針對物質的拓撲(Topology)相變研究——例如瞬態量子狀態變成超導現象,其重要性已經獲得瑞典皇家科學院(The Royal Swedish Academy of Sciences)決議頒發諾貝爾物理奬(Nobel Prize)了。2016年的諾貝爾物理奬得主是美國華盛頓大學(University of Washington)教授David Thouless (獲1/2奬金)、普林斯頓大學(Princeton University)教授Duncan Haldane (獲1/4奬金)以及布朗大學(Brown University)教授Michael Kosterlitz (獲1/4奬金)。

超導、超流(superfluidity)與磁性等現象為什麼能以低溫存在於超薄物質中?為什麼在高溫下即失去這種特性,而使物質釋放其拓撲特性?這些研究人員提出的拓撲理論為此提供了新的解釋。

這些發現可望實現室溫超導現象,但可能採取的是另一種發展路線。這不禁讓人想起1972年的諾貝爾獎頒發給Leon Cooper、John Bardeen與John Schrieffer,因為他們發表了超導的BCS理論——「超導電子對」(Cooper pairs)的概念。但瑞典皇家科學院當時預期在室溫超導的突破卻從未實現。這一次,瑞典皇家科學院看好的是在量子電腦的突破,期望以高度抽象的拓撲概念,從量子力學開啟超導研究新方向。

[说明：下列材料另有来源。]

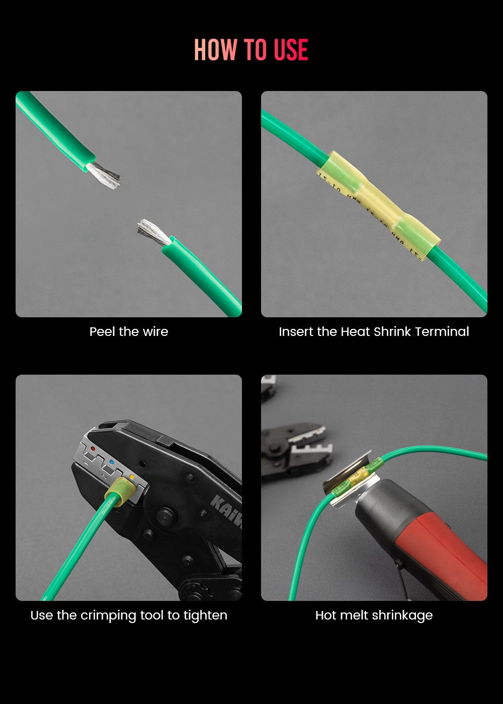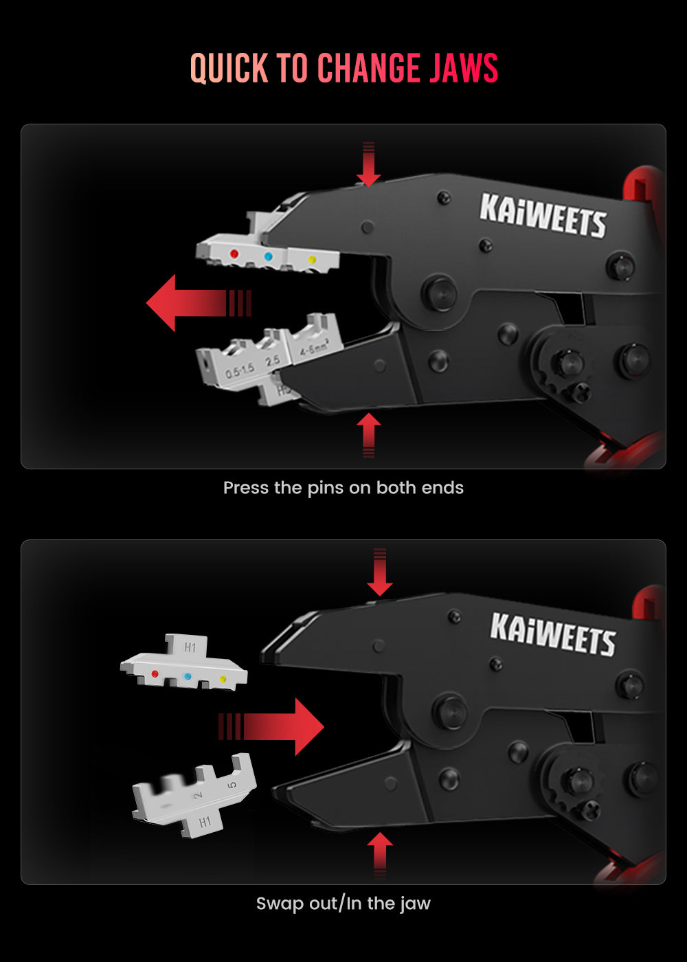 Upgraded Crimping Tool: One crimping tool can be used for heat shrink connectors and insulated electrical connectors(AWG 22-10). Equipped with two types of high-precision jaws. Press the upper and lower pins simultaneously and the jaws will slide out. No need to use a screwdriver, saving you time.

20161007 Superconductivity NT03P1 作者研究物質的「第五」種狀態(底部),極低的溫度導致拓撲量子「凝結」,而允許諸如超導、超流與磁性等特性 (來源:瑞典皇家科學院)

基本上,瑞典皇家科學院僅聲稱期望拓撲研究可讓傳統電子變得更好,但並未引述任何新元件或製程可實現這個目標。它有點像是在問愛因斯坦(Einstein)和懷海德(Whitehead)在上世紀提出的相對論結果。Whitehead最終被證明錯誤,他的名字也幾乎被遺忘,但愛因斯坦的理論則啟發了各種雷射、電晶體、微波、LED等各種當時不曾想像過的事物。

20161007 Superconductivity NT03P2 在低溫下,物質的第五種狀態——量子凝態——成對形成,但隨溫度升高可觀察到個別的旋渦 (來源:瑞典皇家科學院)

「基本上,這些諾貝爾獎得主所做的大致可歸納為二維(2D,有些情況下只有1D),使其得以解決在3D中過於複雜而無法瞭解的問題,」佛羅逹州立大學(Florida State University)教授Laura Greene表示。

20161007 Superconductivity NT03P3 *瑞典皇家科學院提供像導一樣可在超導研究方面大幅進展的例子 (來源:瑞典皇家科學院) * 當今的半導體都根據其晶格結構加以解釋與操縱,並藉由其計算出電氣特性。然而,這種分析並不適用於以「電子對電子」互動作為重要特性之際。高溫超導體正是這種電子對電子互動極其重要的例子——其中之一是讓1972年諾貝爾獎對Cooper-pairs寄予厚望。同樣地,2016年諾貝爾獎希望進一步應用拓撲理論應用,以促進對於超導體「電子對電子」互動的瞭解。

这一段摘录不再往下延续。